Working with Configurations

Configuration Structure

Workflows are defined using Jsonnet or JSON configuration files with the following structure:

{
  steps: {                                      // Required root key
    dataset: {                                  // Arbitrary name for the step result
      type: 'generate_dataset',                 // Name of the step defined in Python
      size: 100                                 // Step arguments
    },
    model: {
      type: 'train_model',
      dataset: { type: 'ref', ref: 'dataset' }  // Reference another step's result
    }
  }
}

Key concepts:

  • steps: Required root object containing all workflow steps
  • Step names: Arbitrary identifiers for step results (e.g., dataset, model)
  • type: The registered name of the step (function or class)
  • Step references: Use { type: 'ref', ref: 'step_name' } to pass one step's output as another step's input
  • Arguments: All other keys in the step object are passed as arguments to the step

Basic Workflow Example

1. Define steps in Python:

# my_project.py
from formed import workflow

@workflow.step
def add_two_integers(a: int, b: int) -> int:
    return a + b

2. Write Jsonnet configuration:

Specify the step using type and provide corresponding arguments:

// config.jsonnet
{
  steps: {
    result: {
      type: 'add_two_integers',
      a: 1,
      b: 2
    }
  }
}

3. Configure required modules:

In formed.yml, specify the Python modules containing your steps in required_modules.

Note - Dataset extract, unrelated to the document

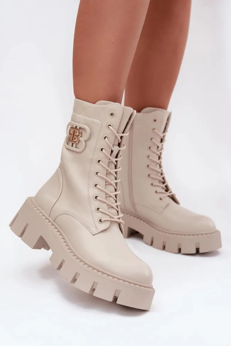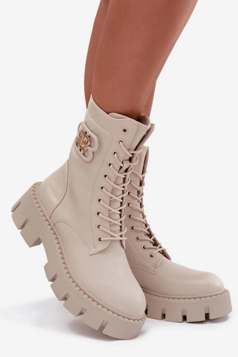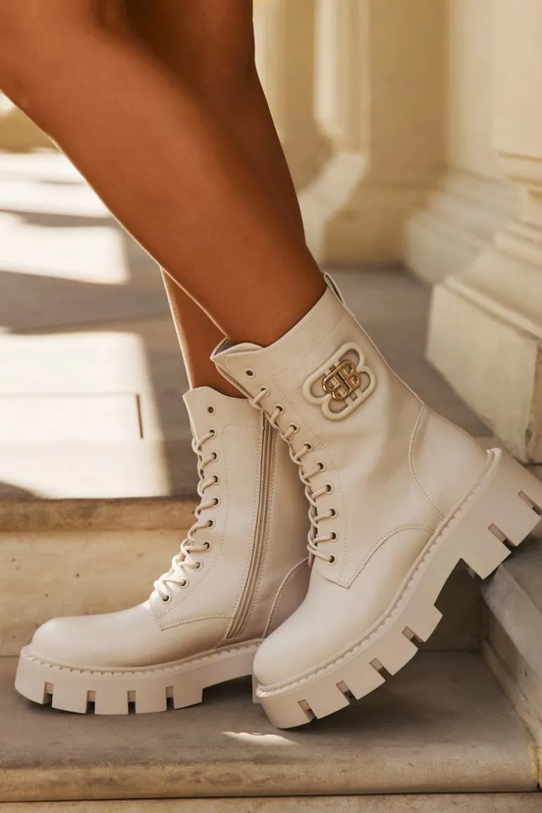 Botki workery damskie to połączenie miejskiego stylu i wygody. Model ocieplony miękkim kocem obuwniczym zapewnia ciepło w chłodniejsze dni, a połączenie sznurowania z zamkiem umożliwia idealne dopasowanie do stopy i łatwe zakładanie. Masywny obcas i platforma gwarantują stabilny krok, a subtelny ozdobny detal po boku cholewki dodaje charakteru i modowego akcentu, dzięki czemu botki świetnie sprawdzą się w codziennych stylizacjach. Przy wyborze rozmiaru prosimy sugerować się tabelą rozmiarów.

All submodules under the specified modules will also be loaded:

# formed.yml
required_modules:
  - my_project

4. Execute from command line:

$ ls
config.jsonnet  formed.yml  my_project.py

$ formed workflow run config.jsonnet

Advanced Configuration Patterns

Object Construction

altescy/colt automatically maps configuration to Python objects based on type hints and function signatures:

class AwesomeProcessor:
    def __init__(self, name: str):
        ...

@workflow.step
def do_experiment(processor: AwesomeProcessor):
    ...

The following configuration automatically constructs an AwesomeProcessor instance and passes it to do_experiment:

{
  steps: {
    experiment: {
      type: 'do_experiment',
      processor: {
        name: "Alice"  // Maps to AwesomeProcessor.__init__ parameters
      }
    }
  }
}

Using Registrable

Use colt.Registrable to register classes with a common interface, making it easy to inject and swap logic:

import colt

class BaseCallback(colt.Registrable):
    ...

@BaseCallback.register("log")
class LoggingCallback(BaseCallback):
    ...

@BaseCallback.register("notify")
class NotificationCallback(BaseCallback):
    ...

@workflow.step
def train_model(..., callbacks: list[BaseCallback]):
    ...

In the configuration, registered types can be referenced by their registration names:

{
  steps: {
    model: {
      type: 'train_model',
      ...,
      callbacks: [
        { type: 'log', ... },      // LoggingCallback
        { type: 'notify', ... }    // NotificationCallback
      ]
    }
  }
}

Direct Module References

Use the type: 'path.to:ClassName' notation to reference any class or function from any module:

@workflow.step
def train_sklearn(model, X, y):
    ...
{
  steps: {
    model: {
      type: 'train_sklearn',
      model: {
        type: 'sklearn.ensemble:RandomForestClassifier',
        n_estimators: 100,
      },
      ...
    }
  }
}

Syntax: 'module.path:ClassName' or 'module.path:function_name'

This allows you to use any Python object without pre-registration.

JSON Schema Support

The formed workflow schema command generates a JSON Schema for your workflow configuration:

formed workflow schema --output schema.json

Use this schema with JSON Schema-compatible LSP (Language Server Protocol) implementations for: - Auto-completion - Type validation - Documentation on hover

Reference the schema in your configuration file:

{
  "$schema": "./schema.json",
  "steps": {
    ...
  }
}

This enables IDE support for efficient configuration writing with validation and auto-completion.